# File 05: Preprocessing User Timeline DataFrame

This file does exactly what you think it does. Preprocessing and a lot of it. Firstly we need to make sure the tweets we feed into the model to run prediction on are in the correct format. We also decided to put a limit on the number of tweets a user should have. Here we are only considering users which have tweets in the range of 100 to 200 as it should give us more accuracy while predicting its accuracy. We also remove any tweets which have less than 3 words in it. 

### Input Files:
- 03-user-tweets-english-only.csv

### Output Files:
- 05-shortlisted-tweets.csv
- 05-shortlisted-usernames.csv

### Steps:
1. loading required libraries
1. read user timeline tweets from dataframe
1. create functions that will preprocess the dataset
1. selecting only the tweets which have more than 2 words.
1. making a list of all usernames
1. counting tweets by each user
1. shortlisting users with tweet count between 100 and 200
1. making final list of tweets and users
1. creating dataframes
1. saving dataframes

In [1]:
# loading required libraries

import pandas as pd
import numpy as np
from tqdm import tqdm
import re

In [2]:
# read user timeline tweets from dataframe

df = pd.read_csv('db/03-user-tweets-english-only.csv')
user = df.USER.values.tolist()
tweet = df.TWEET.values.tolist()

In [3]:
# create functions that will preprocess the dataset

def remove_tags(text):
    TAG_RE = re.compile(r'<[^>]+>')
    return TAG_RE.sub('', text)

stopwords = set(["a", "about", "above", "after", "again", "against", "all", "am", "an", "and", "any", "are", "aren't", "as", "at", "be", "because", "been", "before", "being", "below", "between", "both", "but", "by", "can't", "cannot", "could", "couldn't", "did", "didn't", "do", "does", "doesn't", "doing", "don't", "down", "during", "each", "few", "for", "from", "further", "had", "hadn't", "has", "hasn't", "have", "haven't", "having", "he", "he'd", "he'll", "he's", "her", "here", "here's", "hers", "herself", "him", "himself", "his", "how", "how's", "i", "i'd", "i'll", "i'm", "i've", "if", "in", "into", "is", "isn't", "it", "it's", "its", "itself", "let's", "me", "more", "most", "mustn't", "my", "myself", "no", "nor", "not", "of", "off", "on", "once", "only", "or", "other", "ought", "our", "ours", "ourselves", "out", "over", "own", "same", "shan't", "she", "she'd", "she'll", "she's", "should", "shouldn't", "so", "some", "such", "than", "that", "that's", "the", "their", "theirs", "them", "themselves", "then", "there", "there's", "these", "they", "they'd", "they'll", "they're", "they've", "this", "those", "through", "to", "too", "under", "until", "up", "very", "was", "wasn't", "we", "we'd", "we'll", "we're", "we've", "were", "weren't", "what", "what's", "when", "when's", "where", "where's", "which", "while", "who", "who's", "whom", "why", "why's", "with", "won't", "would", "wouldn't", "you", "you'd", "you'll", "you're", "you've", "your", "yours", "yourself", "yourselves"])

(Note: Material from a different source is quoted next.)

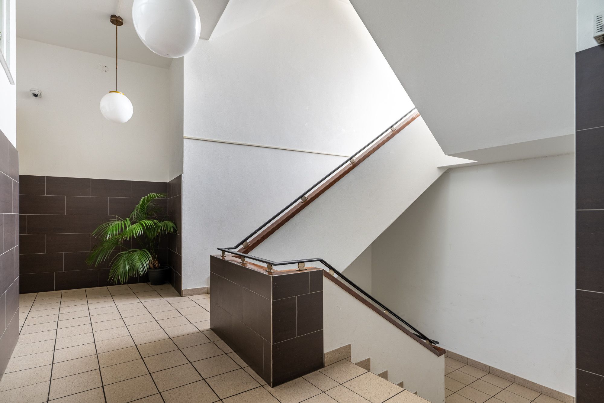 Centrale entree met brievenbussen, bellen plateau en lift installatie
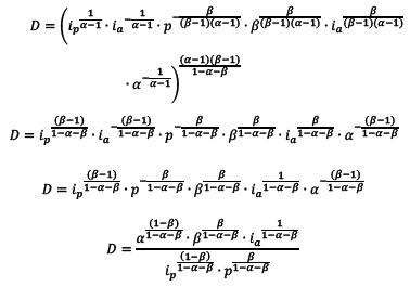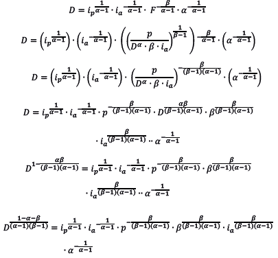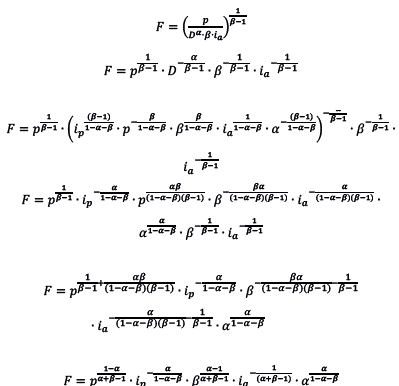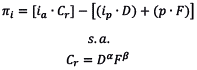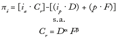Como se mencionó, la utilidad de la banca está dada por la diferencia entre los ingresos y los costos. Los ingresos corresponden a los créditos multiplicados por la tasa de interés activa, menos: (i) los depósitos multiplicados por la tasa de interés pasiva y (ii) los factores de producción multiplicados por el precio correspondiente. En este sentido, a continuación, se presenta una función de producción tipo Cobb-Douglas donde los exponentes representan las elasticidades correspondientes de cada insumo (D) o factor (F).

def remove_single_chars(text) :
    array = text.split()
    return (" ".join([w for w in array if len(w) > 1]))

def remove_stopwords(text) :
    text = " ".join([word for word in text.split() if word not in stopwords])
    return text

def preprocess_text(sen) :
    sentence = remove_tags(sen)
    sentence = re.sub('@[A-Za-z]+[A-Za-z0-9-_]+', '', sentence)
    sentence = re.sub(r"http\S+", "", sentence)
    sentence = re.sub('[^a-zA-Z]', ' ', sentence)
    sentence = re.sub('/\b\S\s\b/', "", sentence)
    sentence = re.sub(r"\s+[a-zA-Z]\s+", ' ', sentence)
    sentence = re.sub(r'\s+', ' ', sentence)
    sentence = remove_stopwords(sentence)
    sentence = remove_single_chars(sentence)
    return sentence

In [4]:
# selecting only the tweets which have more than 2 words.

user_new = []
tweet_new = []

for index in tqdm(range(len(df))):
    text = preprocess_text(tweet[index])
    if len(text.split()) > 2 :
        user_new.append(user[index])
        tweet_new.append(text)

100%|████████████████████████████████████████████████████████████████████| 953285/953285 [00:19<00:00, 48498.17it/s]


In [6]:
# making a list of all usernames

username = []
for x in tqdm(range(len(user_new))):
    if user_new[x] not in username :
        username.append(user_new[x])

100%|████████████████████████████████████████████████████████████████████| 868770/868770 [00:33<00:00, 26087.15it/s]


In [15]:
# counting tweets by each user

np_user = np.array(user)
tweetcount = []

for searchval in tqdm(username) :
    lst = list(np.where(np_user == searchval)[0])
    tweetcount.append(len(lst))

100%|██████████████████████████████████████████████████████████████████████████| 9159/9159 [00:50<00:00, 181.71it/s]


In [16]:
# shortlisting users with tweet count between 100 and 200

shortlist = []
for x in tqdm(range(len(username))) :
    if (tweetcount[x] >= 100) and (tweetcount[x] <= 200) :
        shortlist.append(username[x])

100%|██████████████████████████████████████████████████████████████████████| 9159/9159 [00:00<00:00, 3053221.30it/s]


In [19]:
# making final list of tweets and users

final_user = []
final_tweet = []

for x in tqdm(range(len(user_new))) :
    if user_new[x] in shortlist :
        final_user.append(user_new[x])
        final_tweet.append(tweet_new[x])

100%|████████████████████████████████████████████████████████████████████| 868770/868770 [00:22<00:00, 38502.17it/s]


In [20]:
# creating dataframes

final = pd.DataFrame(list(zip(final_user, final_tweet)), columns=['USER', 'TWEET'])
username = pd.DataFrame(shortlist, columns=['USER'])

In [27]:
# saving dataframes

final.to_csv('db/05-shortlisted-tweets.csv', index=False)
username.to_csv('db/05-shortlisted-usernames.csv', index=False)